**Task goal**
From the first line to the last, set down the material exactly and drop every picture.

**Information supplied**
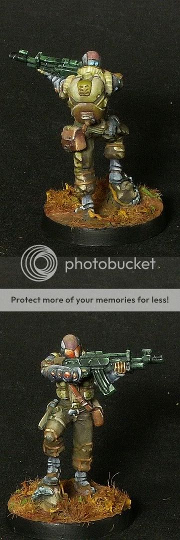 Bardzo efektowne, militarno-futurystyczne malowanie. Praktycznie model jako jeden z lepszych w Twoim wykonaniu. Podoba mi się ziemista podstawka, dobrze pasuje odcieniami i wykonaniem do klimatu figurki. Jedynie buty bym przemalował na ciemny brąz lub czerń, szare mi nie pasują, za to w broni magazynek na pewno bym zrobił metalowy, ew. grafitowy
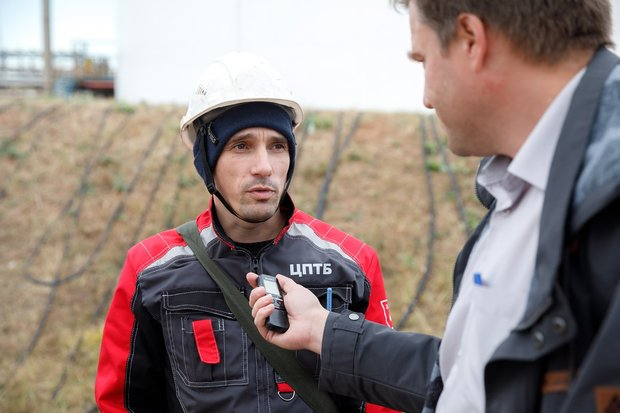 “The oil reservoirs are huge, 67 metres in diameter, 50,000 cubic metres in volume. The heaviest substance goes down and is accumulated during the year. People used to clean the reservoirs: a person in a gas mask with a shovel used to get into the reservoir and other people waited for him at the exit — with wheelbarrows. This is how heavy sediment used to be removed. Everything was primitive. Or the sediment was pumped out. Now a machine does it — a robot that drives inside the reservoir with the help of hydraulics. It has a pump that collects everything from the bottom — water, paraffin deposits, mechanic additives,” Vladimir Lakhomov said.
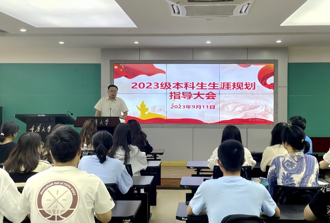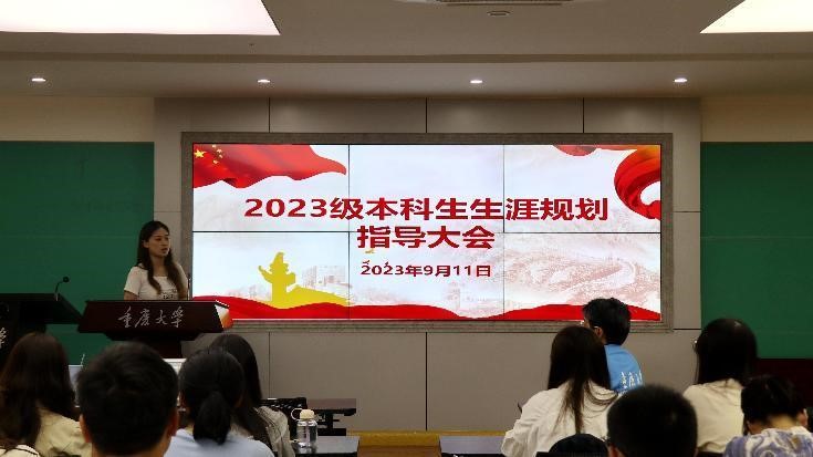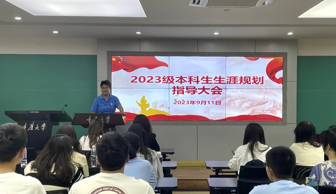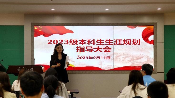 于2023年9月11日在408会议室召开2023级本科生生涯规划指导大会,学院副院长徐鲲、团委书记刘倩、兼职辅导员廖钰及全体本科生参加了此次大会,会议由党委副书记袁利主持。
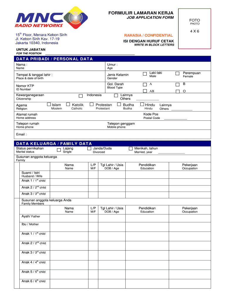4. Contoh Isi Formulir Lamaran Kerja

**Response to this task**
 Bardzo efektowne, militarno-futurystyczne malowanie. Praktycznie model jako jeden z lepszych w Twoim wykonaniu. Podoba mi się ziemista podstawka, dobrze pasuje odcieniami i wykonaniem do klimatu figurki. Jedynie buty bym przemalował na ciemny brąz lub czerń, szare mi nie pasują, za to w broni magazynek na pewno bym zrobił metalowy, ew. grafitowy
 “The oil reservoirs are huge, 67 metres in diameter, 50,000 cubic metres in volume. The heaviest substance goes down and is accumulated during the year. People used to clean the reservoirs: a person in a gas mask with a shovel used to get into the reservoir and other people waited for him at the exit — with wheelbarrows. This is how heavy sediment used to be removed. Everything was primitive. Or the sediment was pumped out. Now a machine does it — a robot that drives inside the reservoir with the help of hydraulics. It has a pump that collects everything from the bottom — water, paraffin deposits, mechanic additives,” Vladimir Lakhomov said.
 于2023年9月11日在408会议室召开2023级本科生生涯规划指导大会,学院副院长徐鲲、团委书记刘倩、兼职辅导员廖钰及全体本科生参加了此次大会,会议由党委副书记袁利主持。
4. Contoh Isi Formulir Lamaran Kerja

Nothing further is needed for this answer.